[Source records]

Content starts

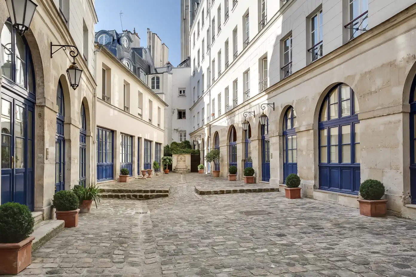 Set on a quiet street in the most desirable area of Saint Germain in Paris’ 6th arrondissement, just off rue Dauphine, this property is just steps from the Seine River and Pont Neuf. A two-minute walk in either direction puts you on Ile de la Cité or the upscale shops of the 6th.   Possiblity to buy both properties for 1,945,000€.
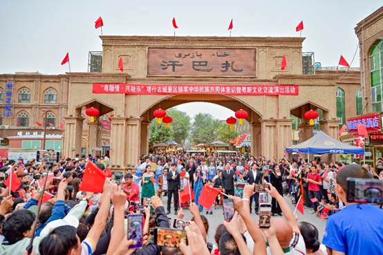 时值新疆维吾尔自治区成立70周年,为弘扬中华优秀传统文化,促进粤新两地人文交流,9月14日,由广东省对口支援新疆工作前方指挥部支持的“粤疆情・共融乐”文化交流演出在喀什古城景区举行。
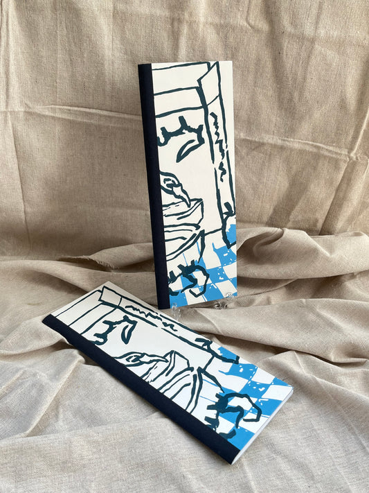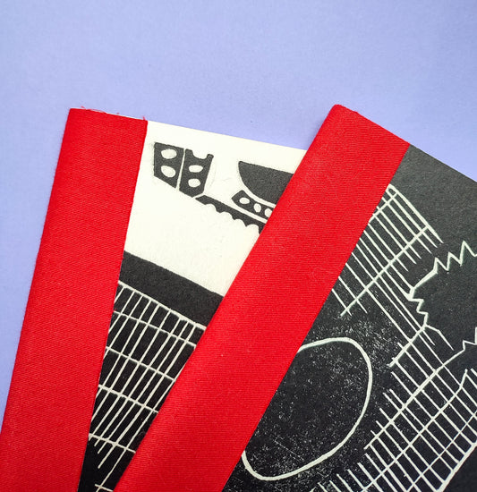 Todas las libretas que aquí aparecen están encuadernadas artesanalmente. Son ejemplares limitados, de tiradas muy pequeñas, ya que se crean a partir de pruebas de grabados descartados, junto con papeles nuevos y/o reciclados.
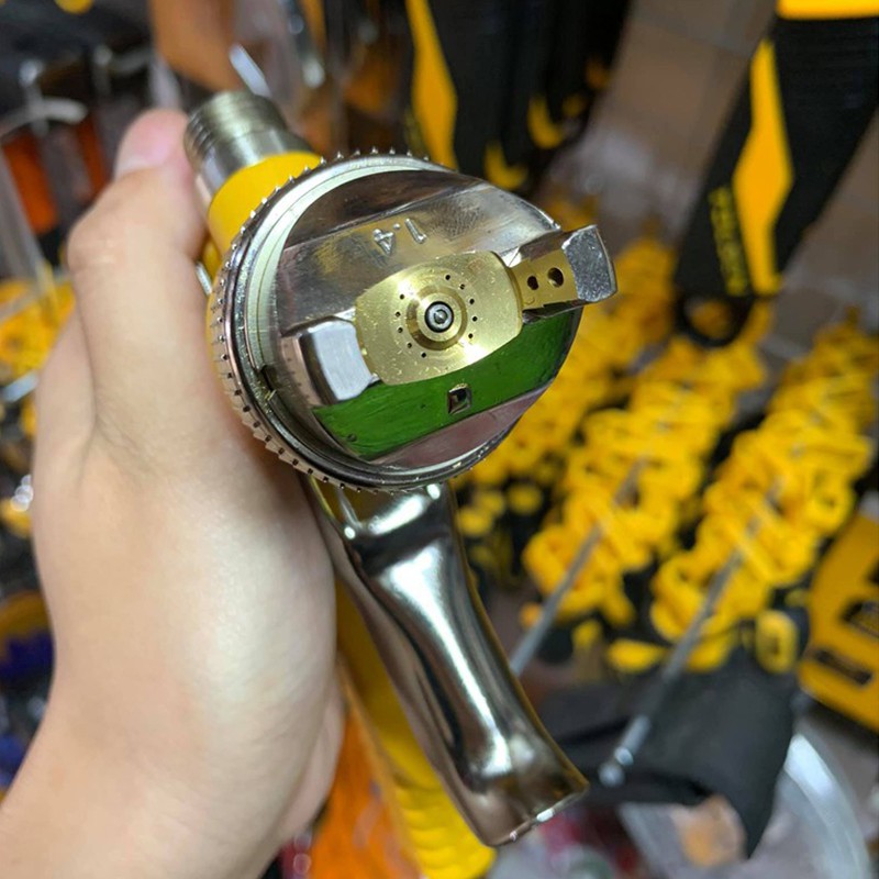 Súng sơn màu vàng kèm theo cốc sơn 600 ml.
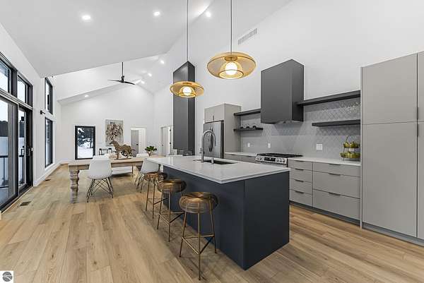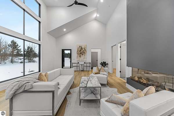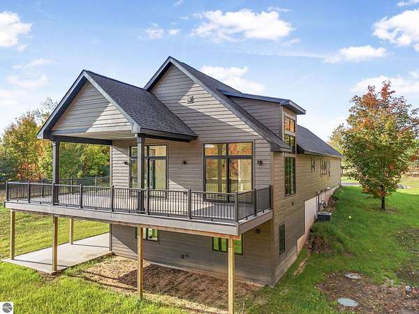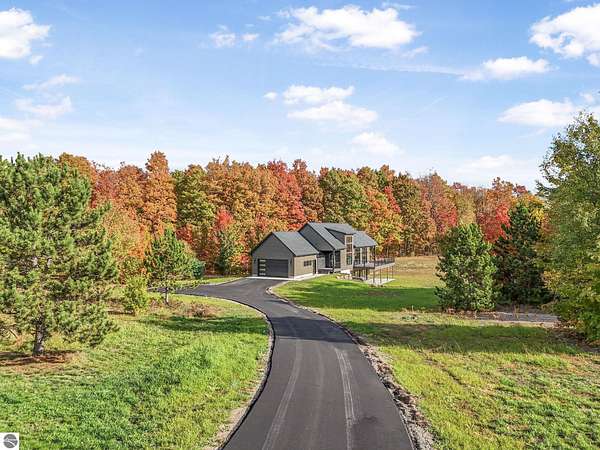 Introducing Paradise Ranch with over 200 acres of incredible property to enjoy and call home. Beautiful landscape throughout and where this stunning custom contemporary home sits. Paradise Ranch is part of one of the fastest-growing areas in Grand Traverse County. This contemporary exquisite 4-bedroom, 2.5-bathroom home offers 3,500 square feet of luxurious living space, on 3 acres of gorgeous, wooded views, featuring hardwood flooring, high ceilings, and a cozy fireplace to enjoy during the nip of the colder months. The magnificent views are complemented by the home's energy efficiency and its spacious walk-in closets among other amenities. Paradise Ranch is set on some of the most breathtaking landscape with rolling hills and heavily wooded sites, each 3+ acre parcel ensures ultimate privacy. This development will be a gated property for owners only offering even more privacy and security. Located within 20-30 minutes of Traverse City and Cadillac, this home is perfectly situated for convenient access to all the amenities you need. You'll be part of a community with highly rated schools and ample outdoor recreation opportunities, as trails can connect to state land for hiking, snowmobiling, and more. Plus, pole buildings and barndominiums are allowed, offering endless possibilities. Don't miss this opportunity to embrace a life of comfort and tranquility in Paradise Ranch.This home will include newly installed asphalt driveway and an underground irrigation system, to be completed by seller prior to closing!
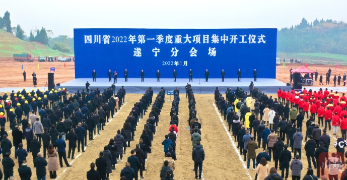 1月4日,四川省2022年第一季度重大项目集中开工仪式遂宁分会场在蓬溪经开区金桥片区举行。本次共有71个项目集中开工,计划总投资420亿元,涵盖产业发展、基础设施、社会民生、生态环保等多个领域。
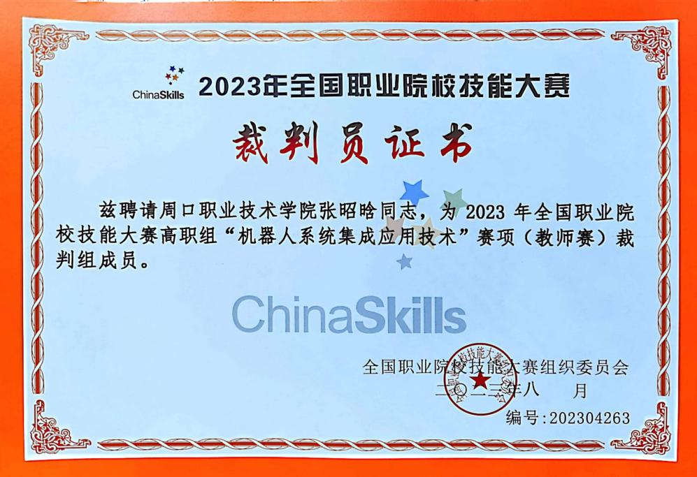8月18-25日,根据《教育部关于举办2023年全国职业院校技能大赛的通知》(教职成函[2023]6号)精神,2023年全国职业院校技能大赛高职组“机器人系统集成应用技术”赛项,在山东省济南市山东职业学院举行,公司张昭晗老师受邀参加了该赛事“教师组”和“员工组”的裁判工作。
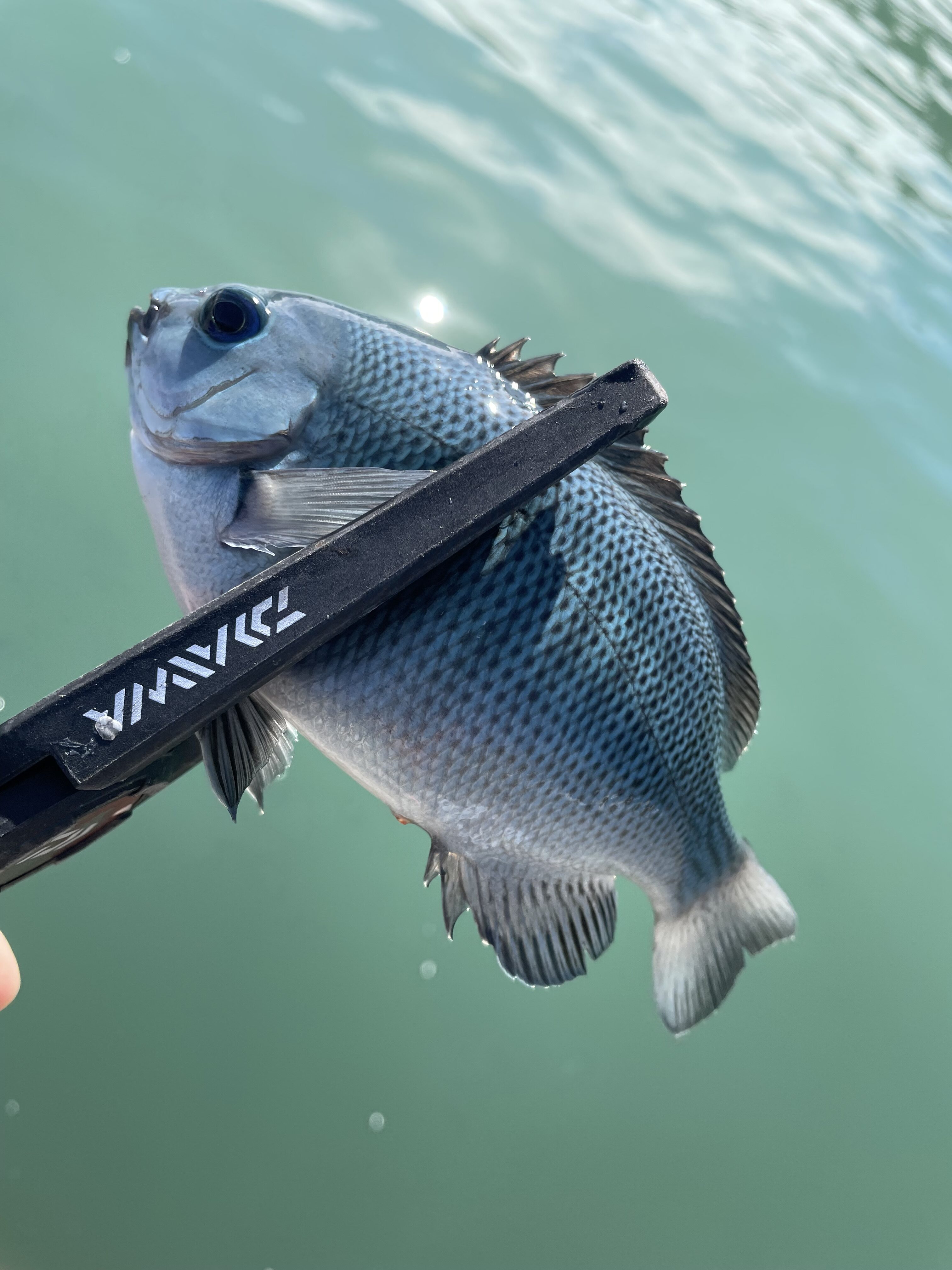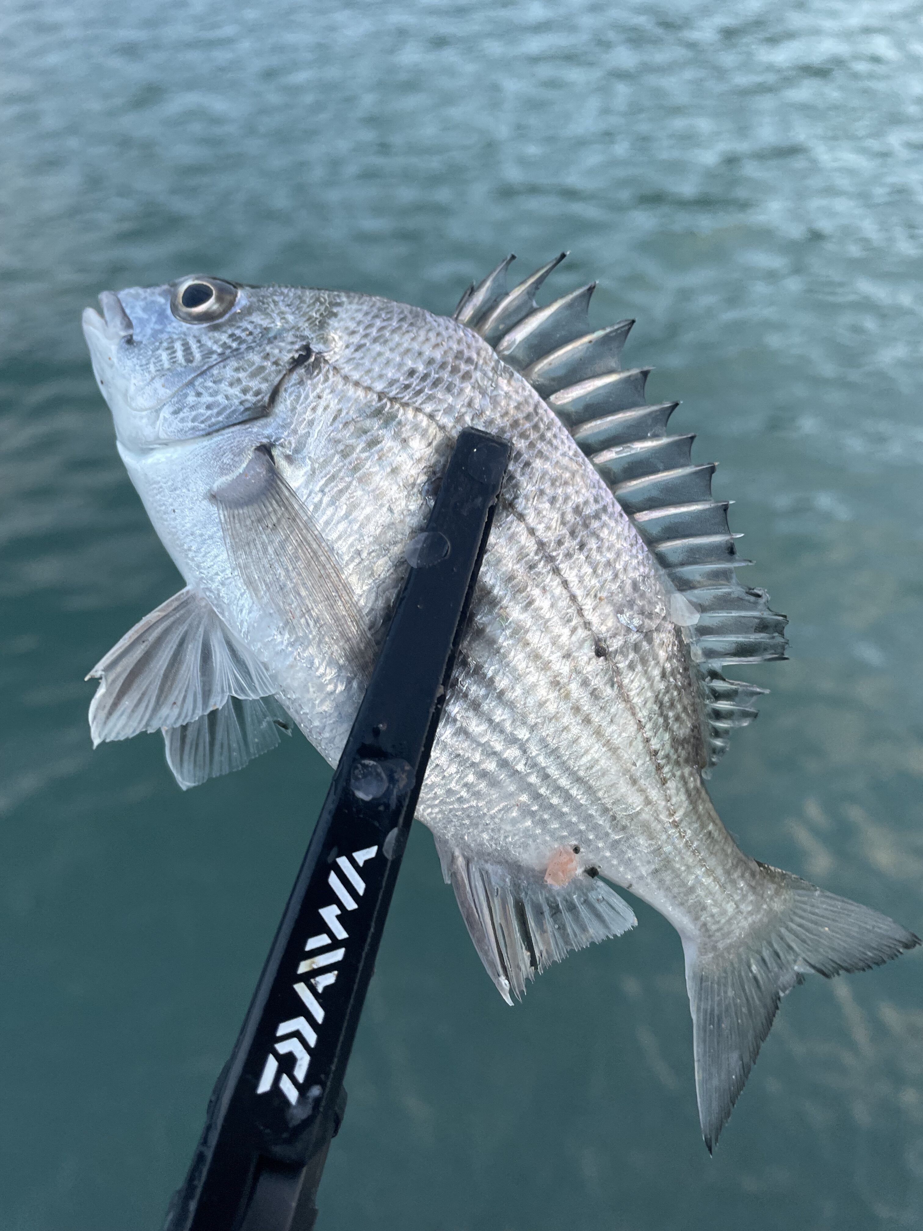 空いてるスペースがあったので、早速釣り開始です😊しばらくエサを撒いてると、コッパグレの群れが来ました💦
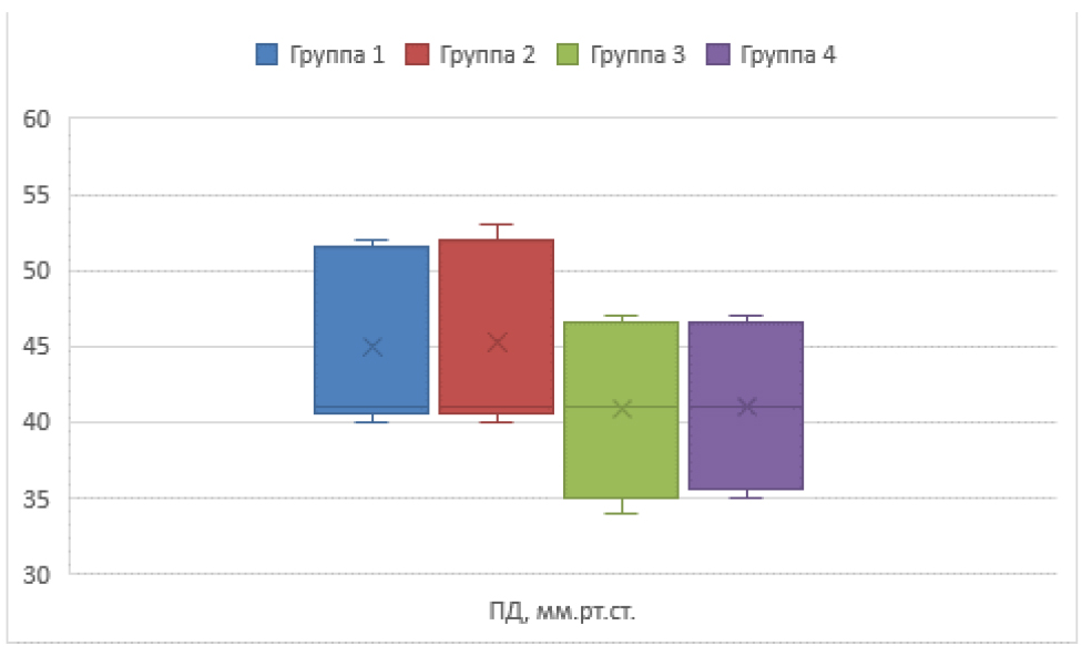 СДД, мм рт. ст. | 92 85;97 р1-4 = 0,003 | 94 88;97 р2-4 = 0,004 | 94 86;104 | 94 87;105 |
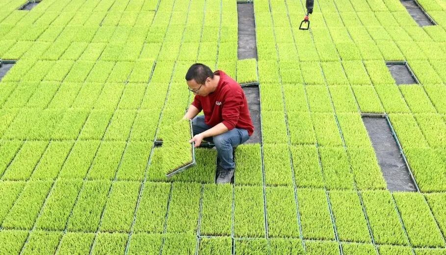 浙江省湖州市德清县洛舍镇东衡村先丰农业智能育秧工厂内,工人在观察早稻秧苗长势。
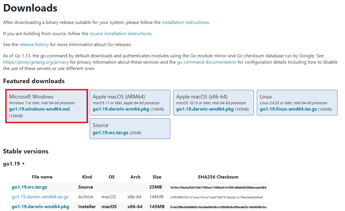 Downloads After downloading a binary release suitable for your system, please follow the installation instructions. If you are building from source, follow the source installation instructions. See the release history for more information about Go releases
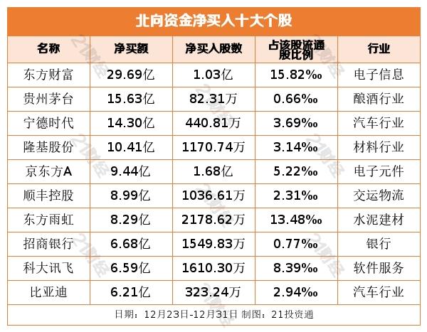 据21投资通智能监测,在2020年最后5个有沪深港通交易的交易日中,北向资金合计净买入179.2亿元,其中沪股通净买入51.82亿元,深股通净买入127.39亿元。

Content ends

Pictures are not part of the copy. Output only the lines from the one with "浙江省湖州市德清县洛舍镇东衡村先丰农业智能育秧工厂内,工人在观察早稻秧苗长势。" through the final line of the records, exactly as given.

ANSWER SECTION:
 浙江省湖州市德清县洛舍镇东衡村先丰农业智能育秧工厂内,工人在观察早稻秧苗长势。
 Downloads After downloading a binary release suitable for your system, please follow the installation instructions. If you are building from source, follow the source installation instructions. See the release history for more information about Go releases
 据21投资通智能监测,在2020年最后5个有沪深港通交易的交易日中,北向资金合计净买入179.2亿元,其中沪股通净买入51.82亿元,深股通净买入127.39亿元。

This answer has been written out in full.